News that the Nicholsons Centre in Maidenhead has fallen into receivership after owner Vixcroft could no longer meet its financial obligation should send shudders through the whole sector.

This was not just another retailer being pushed over the cliff edge or being forced to cling grimly to it for dear life. This was a whole shopping centre going under – and as the experts warn in our analysis this week, tens if not hundreds of mainly secondary shopping centres could follow suit.

If these second, much bigger, dominoes start to topple, landlords and investors will start to wobble, and where would that leave us?

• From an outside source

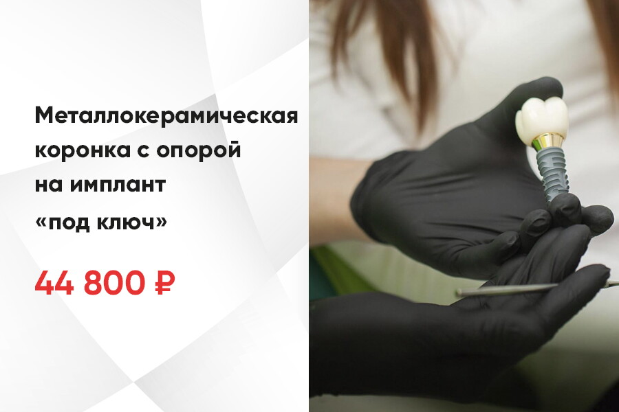 Металлокерамическая коронка с опорой на имплант «под ключ»

What is worrying is that the challenges the Nicholsons Centre faces are the same as those faced by secondary centres across the land, as retailers scale back their operations and enter into CVAs in response to high rents, the minimum wage, crippling business rates and the rise of online.

Vixcroft bought Nicholsons in 2015 for £37m and had planned to refurbish it, before the big loss of Next. Unfortunately, it had also financed the acquisition with a £26m senior loan from Hermes Investment Management as well as mezzanine debt. It is far from the only one with significant debt, which means other leveraged malls will also be teetering on the edge.

As the hitherto reasonably contained retail storm threatens to spread, surely there is no better time for Philip Hammond to use the Budget to do something to help retailers and stop that happening. The real estate industry has been calling ever more loudly on the chancellor to reform business rates, which have hobbled traditional ‘bricks-and-mortar’ retailers over recent years.

This is your chance, Philip, and while you’re at it, could you create a more even playing field and slap an ‘Amazon tax’ on online-only retailers who pay minimal business rates compared with their high street counterparts?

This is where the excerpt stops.